> [WORK INSTRUCTION]: From the line containing "PALU — Eksekutif" to the end of the records below, both included, every line should be repeated exactly; pictures should be dropped.

-- SUPPLIED RECORDS follows --

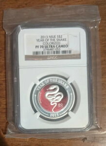 2013 Niue 1/2 oz PF70 Silver $2 Lunar Snake Colorized Red Reptile Egg Case COA商品について製造国/地域:ニウエ認証:NGC1/2オンスあたりの貴金属含有量:...
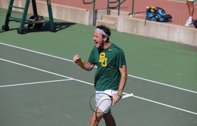 Baylor Senior Constantin Frantzen celebrates after scoring against Texas Christian University at the Hurd Tennis Center in Waco, Texas.
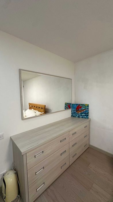 Залишається кухня (з посудомийкою і газовою піччю), 1 бойлер, 1 ліжко, 1 комод, 1 розсувна шафа, меблі на вході. (Холодильник, пральна машина і кондиціонери - вже забрані, сейф буде забрано).
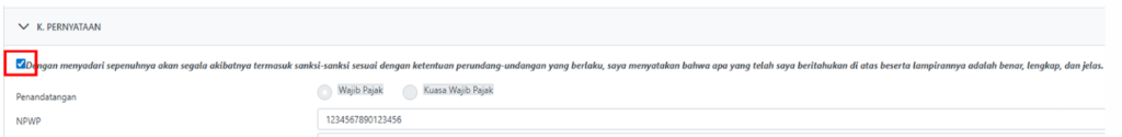 - Pada bagian Induk Pernyataan, centang kotak pernyataan untuk mengonfirmasi bahwa seluruh data yang diisi adalah benar, lengkap, dan jelas.
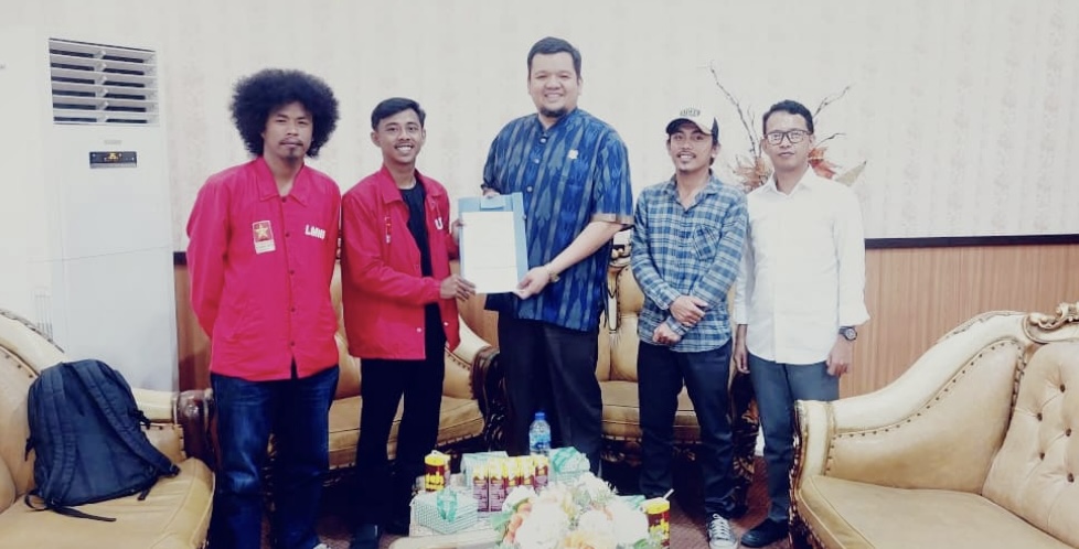 PALU — Eksekutif Liga mahasiswa nasional untuk demokrasi Kota palu (Ek Lmnd Palu), bertemu Ketua DPRD Kota Palu, Rico Andi Tjatjo Djanggola, di ruang pertemuan Kantor DPRD kota palu.
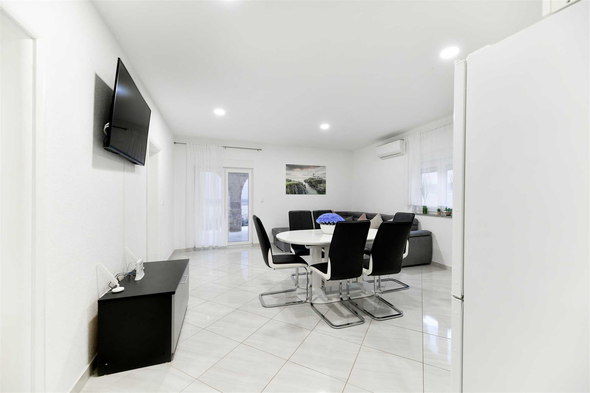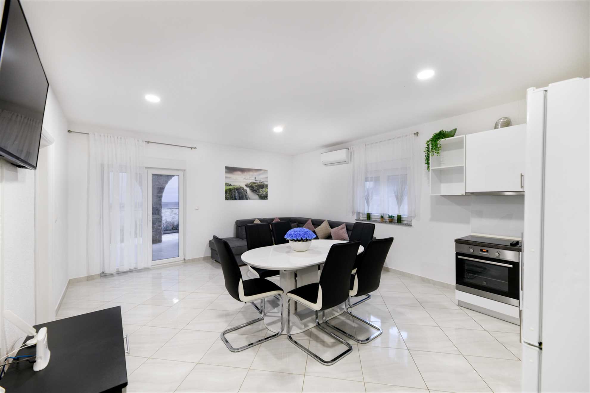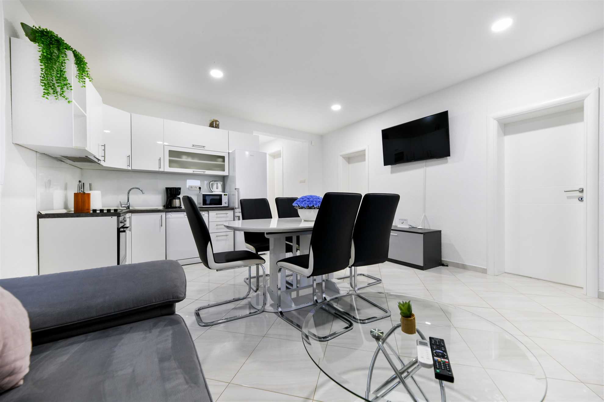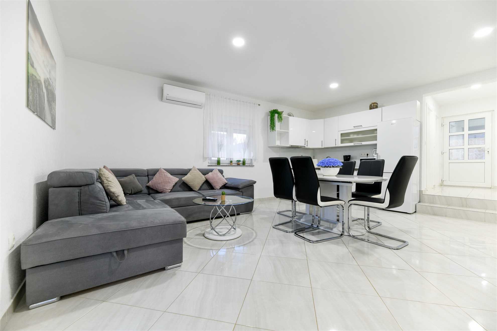 A spacious, air-conditioned living room with satellite TV is connected to a fully equipped kitchen with a capsule coffee machine. There is a dining table and a big sofa bed that ensures a sleeping space for 2 people. A living room has a direct exit to a backyard patio. The part in front of the living room balcony door is covered/shaded and equipped with 2 sets of garden furniture: one for dining and one for the lounge.

-- SUPPLIED RECORDS concluded --

> [WRITTEN RESPONSE]:
 PALU — Eksekutif Liga mahasiswa nasional untuk demokrasi Kota palu (Ek Lmnd Palu), bertemu Ketua DPRD Kota Palu, Rico Andi Tjatjo Djanggola, di ruang pertemuan Kantor DPRD kota palu.
 A spacious, air-conditioned living room with satellite TV is connected to a fully equipped kitchen with a capsule coffee machine. There is a dining table and a big sofa bed that ensures a sleeping space for 2 people. A living room has a direct exit to a backyard patio. The part in front of the living room balcony door is covered/shaded and equipped with 2 sets of garden furniture: one for dining and one for the lounge.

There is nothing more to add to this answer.